Conferences CTC2011 lawlibrary Legal Technology

CTC2011 – Day 2, A look at the exhibit hall

Judge Steven Leitman of Miami-Dade County Florida delivered this morning’s keynote: “Ending the Revolving Door of Justice: How Technology Helped One Judge Reengineer His Court.”  Judge Leitman’s concern that he was unable to really do anything for the mentally ill in his court drove him to find a solution to this national problem.  He described cases involving the mentally ill charged with crimes who could be sentenced to jail but could not be involuntarily hospitalized by the court.  He used technology to gather data and to create diversion programs in partnership with other entities affected.  NCSC has already made his presentation materials available online.
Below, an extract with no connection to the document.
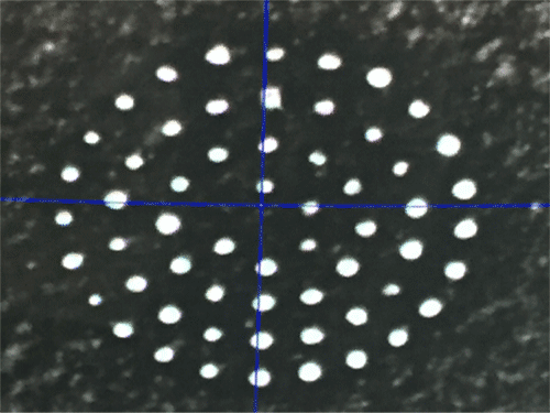 3. 將圖案放置打標(biāo)界面的中心點(diǎn)上,防止角度偏差產(chǎn)生孔徑大小均等,間距不

After the keynote, programming ceased for the opening of the exhibit hall.  I visited a variety of vendors.  Lexis was demonstrating its ebooks and expects an application for public law libraries that would allow e-lending.  There were vendors for case management, e-filing, systems for delivery of court video and audio recordings, and  e-signing. There was a vendor that could take care of collections for the court and one that demonstrated its virtual meeting place.  Participants could attend a training or meeting via an avatar and sit at a table and view presentations and interact with other participants.  Because Maryland will soon be going to e-filing,  I attended two presentations by the vendor for an overview of the e-filing process and paperless courts.   At the booth I saw demonstrations of the public interface portal as  I was interested in how the public might fare with a new e-filing system.  Courts would have the option to provide interview produced forms.  There was a vendor that offered interactive forms for the SRL that could work with different e-filing systems.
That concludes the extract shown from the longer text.